Virtual reality-hardware is te duur en neemt te veel ruimte in huis in, vindt de directeur van game-uitgever Take-Two. Volgens hem zitten mensen niet te wachten op de huidige systemen, die 'een eigen kamer' nodig hebben om te functioneren.
Huidige vr-systemen, zoals de Oculus Rift en HTC Vive, kosten 700 euro of meer en vereisen bovendien een krachtige pc met een high-end videokaart. In totaal schat Take-Two-ceo Strauss Zelnick in dat gebruikers rond tweeduizend dollar lichter zijn en dat is te veel geld, zei hij woensdag volgens Gamespot op de Technology, Media & Telecom Conference van Cowen and Company. "Er is geen markt voor een tweeduizend dollar kostend apparaat dat een hele kamer vereist.

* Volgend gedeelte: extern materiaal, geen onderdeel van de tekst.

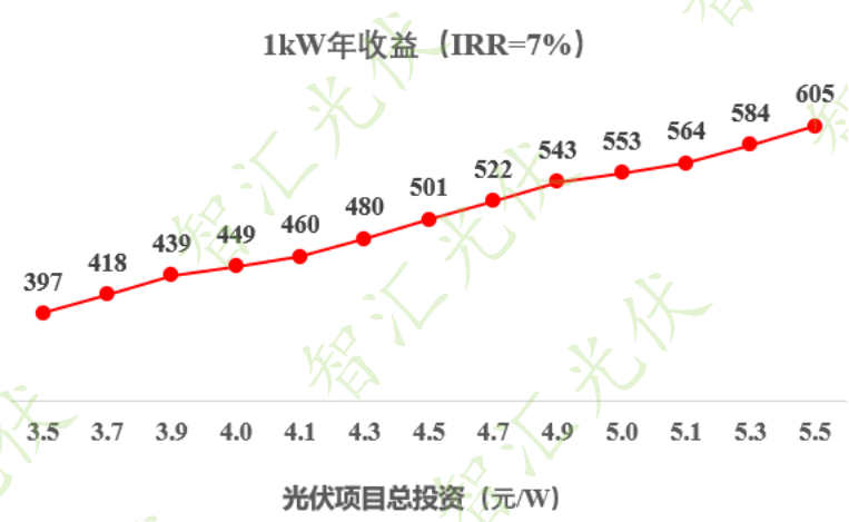 下圖中,橫坐標(biāo)為:項目的總投資,縱坐標(biāo)為:1kW年收益(年發(fā)電小時*項目電價)。即“項目總投資”與“1kW年收益”一一對應(yīng),某投資水平下,達(dá)到對應(yīng)數(shù)值時,才能達(dá)到7%內(nèi)部收益率。

Wat denken mensen wel niet?"
Zelnick wijst erop dat simpelweg de ruimte ontbreekt in veel huizen. "We hebben geen plek waar je in een grote open ruimte staat en twee controllers vasthoudt met iets op je hoofd, en niet over je koffietafel struikelt." Desondanks ziet Zelnick wel iets in vr. "Ik ben niet unexcited. Ik zeg alleen dat we het zullen moeten zien."
De directeur van Take-Two was enkele jaren geleden ook al kritisch op de ontwikkelingen in virtual reality en merkte toen op dat het wellicht alleen interessant is voor 'core gamers', die zichzelf willen onderdompelen in een spelletje.
Dit voorjaar kwamen de Oculus Rift en HTC Vive uit, twee van de meest high-end systemen voor virtual reality. Dit najaar zal Sony de PlayStation VR uitbrengen om via de PS4 games te kunnen spelen in virtual reality. Microsoft zou werken aan een Xbox die werkt met de Rift.